Rugen las tres bestias sagradas sobre esta nueva ciudad desierta que declaro, aún estando en un horizonte lejano, y con toda la megalomanía apoderándose de mi ser, será mi nuevo hogar, tan turbio y demacrado como el anterior, envuelto en malezas y pastizales, imponente como una selva de hojalata, pero impía y esquelética, rodeada de miasmas putrefactos provenientes de cataratas nacidas en los picos altos de los edificios del centro. Quizás, en algún tiempo lejano, haya estado habitada por esas mismas criaturas que rodearon mi primer escondite y me obligaron a abandonarlo, en una corrida heroica, aunque trágica; pero puede notarse, aún desde tanta distancia, que hace tiempo que nadie pisa estas calles repletas de mugre, insectos e invadidas por la espantosa vegetación que predomina en estos lugares.
Campanadas de inocencia... estrepitoso fulgor inducido por descuidos divinos. Debo partir ya. No puedo dejar que el sol descubra mi paradero, es prioridad adentrarme en lo desconocido para escapar de lo que no quiero volver a ver, ni sentir, ni oír. Aube vuelve a mi mente, siempre lo hace. Es como si su manto espiritual aún siguiera cuidando de mí, como solía hacerlo cuando estaba conmigo, siempre pendiente de la importancia de lo que yo dejaba ─y aún dejo─ pasar. ¿Puedo hacerlo solo? ¿Puedo pasar la prueba que se me ha impuesto? Tal vez sí... pero, ¿para qué serviría entonces? Sigo envuelto en el estado mas absurdo que la humanidad haya inventado en toda su aberrante historia. Puedo distinguir que nada me atrapa del futuro pero, aún así, vivo y busco seguir viviendo.
¡Oh maravillosa estrella que te posas sobre mi memoria! ¡Oh andar sempiterno de la sapiencia impoluta! Cae sobre mí con toda tu fuerza y revienta mi cabeza contra una roca hasta que mi sangre renueve en tus manos la humedad que el dolor y el llanto te han quitado. Muele a pedazos este corazón que no sabe por qué palpita sin verte; arráncalo de este ataúd de carne que acerroja mi alma, arráncalo y cómetelo para poder darme paz. Si el sentir no es nada al no tenerte, si maldecir no hará que estés de nuevo besando con dulzura mis cabellos o acariciando mis manos para darme esperanzas ¿Por qué continúo haciéndolo? Son fútiles los intentos de reconciliación con los recuerdos, no puedo barrer las cenizas de mis errores y pretender que, sin que nada se corrompa, en un estado de infinita armonía, los parámetros de realidad que se envolvían en mi sien, reconciliados por nuestras mentes, reaparezcan, súbitamente, reestablecidos como orden primordial de la rutina.

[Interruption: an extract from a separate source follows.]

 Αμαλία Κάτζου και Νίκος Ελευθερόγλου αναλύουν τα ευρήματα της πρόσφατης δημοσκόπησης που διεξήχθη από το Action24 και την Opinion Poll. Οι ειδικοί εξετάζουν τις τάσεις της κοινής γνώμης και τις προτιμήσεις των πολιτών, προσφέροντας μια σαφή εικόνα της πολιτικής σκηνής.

¡Oh maravillosa estrella que te posas sobre mi memoria! ¡Oh andar sempiterno de la sapiencia impoluta! No reniegues de tu idiosincrasia celestial al caer solemnemente sobre las planicies de lo oculto. Arrójame al mar hasta ahogarme en los abismos que rebozan de monstruosas apariciones desconocidas. No es vivir no poder abrazarte, no es sentir no poder tocarte, no es justo que el demonio que carcome nuestros cuerpos nos haya separado tan terroríficamente. No es humano el ser... si no soy contigo.

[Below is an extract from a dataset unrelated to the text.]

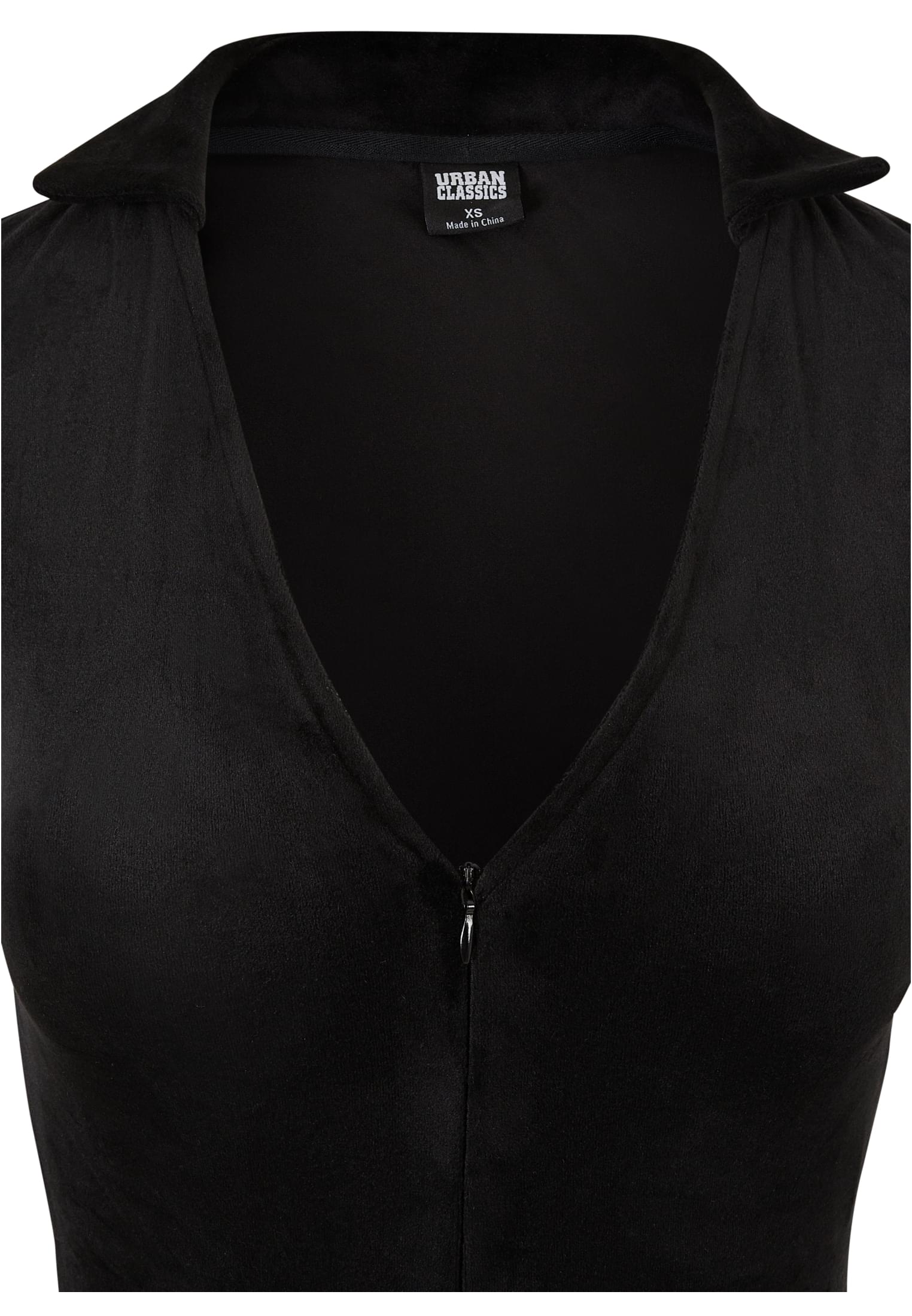 Denna slim fit jumpsuit har en modern skärning som skapar en fantastisk siluett. Den djupa V-ringningen fortsätter med en dragkedja, och en fin detalj är skjortkragen runt halsen. De lätt utsvängda, långa benen fulländar stilen. Tygvalet, ett mjukt och sammetsliknande material, ger ett härligt retroinspirerat utseende.

¡Oh maravillosa estrella que te posas sobre mi memoria! ¡Oh andar sempiterno de la sapiencia impoluta! ¡Oh majestuoso llamado de idiotez! ¡Oh parálisis de conciencia... paréntesis callejero que se nutre del pasado envuelto en sábanas de azufre! Calma esta sed de muerte que persigue mis huellas, aunque sea, hasta que descubra cómo poder retomar el rumbo de mis pasos.